2 octubre 2023

La dignidad de los cinco de San Lorenzo

Eran ya las dos de la tarde cuando se abrió bruscamente
la puerta de la celda, donde cuatro de los cinco de San Lorenzo esperaban la
hora del fusilamiento, dos soldados y un cura aparecieron en el umbral, afuera
en aquel cuartel de La Isleta el siroco no dejaba ver el cielo de aquel lunes 29
de marzo de 1.937, solo polvo y un viento que estremecía el alma. Los cuatro
hombres estaban sentado cada uno en una esquina de aquel reducido espacio, una
litera con dos colchones viejos, un banco de madera hecho a mano muy pequeño,
un bidón de agua casi vacío, al fondo varias banderas del regimiento
abandonadas, rotas, comidas por las abundantes ratas.
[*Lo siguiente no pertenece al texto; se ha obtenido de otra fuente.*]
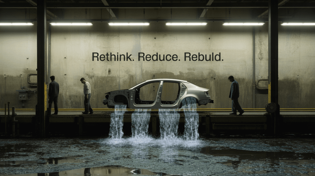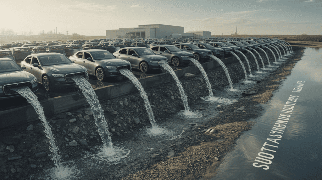 Para la construcción de un auto, desde la elaboración de las piezas hasta su ensamblado y detallado, se requiere en promedio de 148 m3 de agua, que es el mismo líquido que en promedio utilizan durante un año cuatro personas con acceso normal al suministro, y que solo emplean el agua hipotéticamente en actividades domésticas como el consumo, la higiene personal y la limpieza de la casa.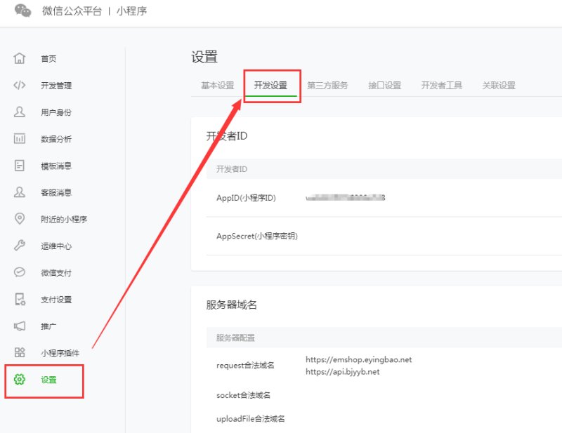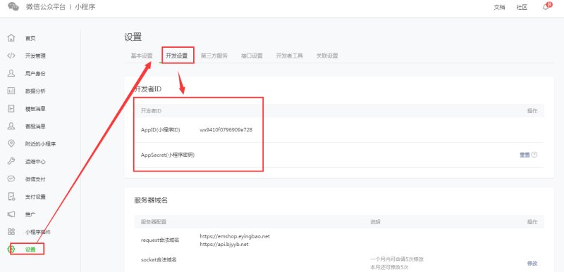 5. In Development Settings, view the AppID (Mini Program ID) and AppSecret (Mini Program Secret Key).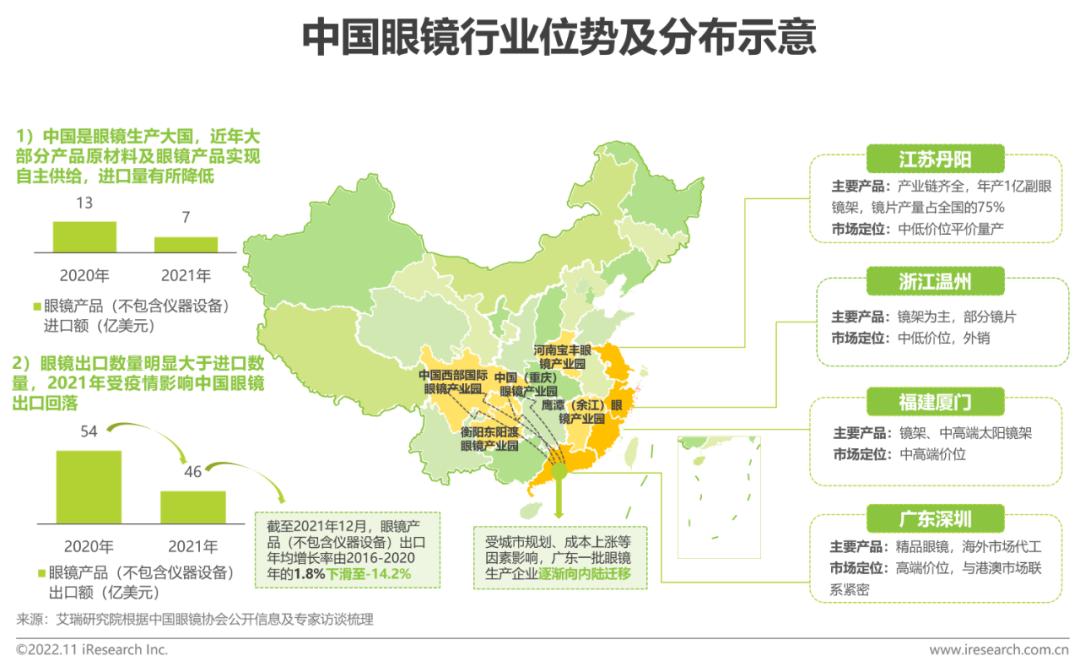 产品及原材料进出口减少,眼镜生产基地有向内陆迁移趋势

Juan Santana Vega, alcalde comunista del municipio
de San Lorenzo, Manuel Hernández Toledo, inspector jefe de la policía municipal,
Antonio Ramírez Graña, secretario municipal, Francisco González Santana, dirigente
sindical de la Federación Obrera, todos del Frente Popular, miembros destacados
de la lucha obrera de aquella zona de la isla de Gran Canaria.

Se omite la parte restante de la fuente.